In the test you select the data to load in to the test and moreover, you need to adjust anomaly configuration parameters in the test logic. To proceed, create a new test in a dataset with the data you want to analyze and then adjust the test parameters and settings based on the instructions below (select appropriate data provider).

  • If you need to create a depot, select the button "Create a new depot", choose a name for it and optionally write a description of the purpose of this depot

  • Use a dataset with either GA or Piano Analytics (AT Internet) as the data provider

  • To create a new dataset with no pre-specified tests follow the steps in this documentation

  • During creating of a new test, select a name, fill in 100 for the score, no need to select any checkbox

isDayOfWeekAnomaly example (Google Analytics)

Replace the content of the Query logic with the following JSON. Follow the steps below to adjust the query for your needs.
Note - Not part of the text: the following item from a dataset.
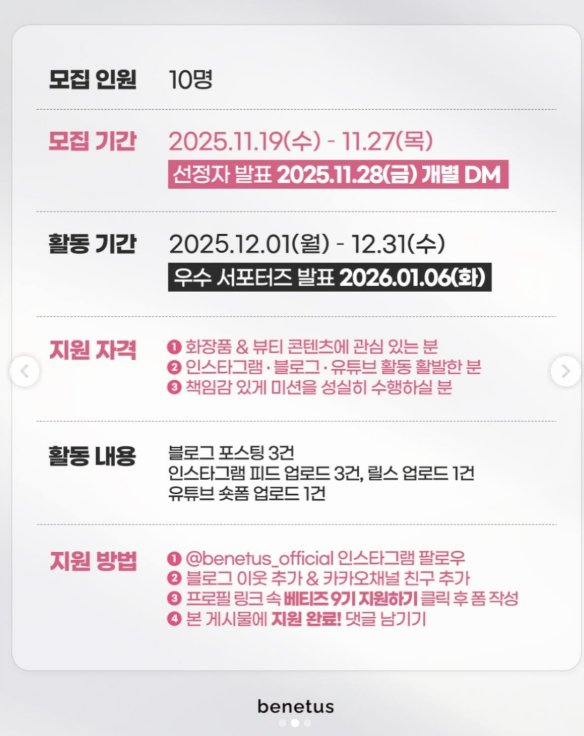[베네투스] 뷰티 서포터즈 ‘베티즈 9기’ 모집🎀 [베네투스 뷰티 서포터즈 ‘베티즈 9기’ 모집] 🎀

If you need further help adjusting the Query logic, follow the documentation on Query logic.

  1. In the dateRanges you select the dates which you want to use in the analysis
  • The last value will be analyzed if it consists of an anomaly

  • You need enough data beforehand –you can select how many weeks to take into account, with the trade-off that taking more weeks is more robust but less quick to adjust in case of change of trend (we recommend selecting 6 weeks)

  • Dates can be inputted as relative date, e.g. “yesterday” or “28daysAgo”, or as absolute dates in format YYYY-MM-DD, e.g. “2020-12-30”

  1. In metrics you specify the values that will be available for the anomaly analysis
  • select a metric that you want to analyze, e.g. ga:sessions, ga:pageviews, ga:transactions, ga:transactionRevenue
  1. Dimensions must include “ga:date” and additionally you can specify other dimension(s) to be used to search for anomalies across different characteristics of the website traffic

list of all GA metrics and dimensions can be found on the official page

{
  "requests": [
    {
      "id": "anomalyInput",
      "queries": [
        {
          "dateRanges": [
            {
              "startDate": "42daysAgo",
              "endDate": "yesterday"
            }
          ],
          "metrics": [
            {
              "expression": "ga:pageviews"
            }
          ],
          "dimensions": [
            {
              "name": "ga:date"
            },
            {
              "name": "ga:deviceCategory"
            }
          ],
          "orderBys": [
            {
              "fieldName": "ga:date",
              "sortOrder": "ASCENDING"
            }
          ],
          "includeEmptyRows": true
        }
      ]
    }
  ]
}

Replace the Test logic content with the content below and configure the anomaly detection parameters. If you need any help regarding the parameters in the Test logic, you can find more information in the documentation on Test logic.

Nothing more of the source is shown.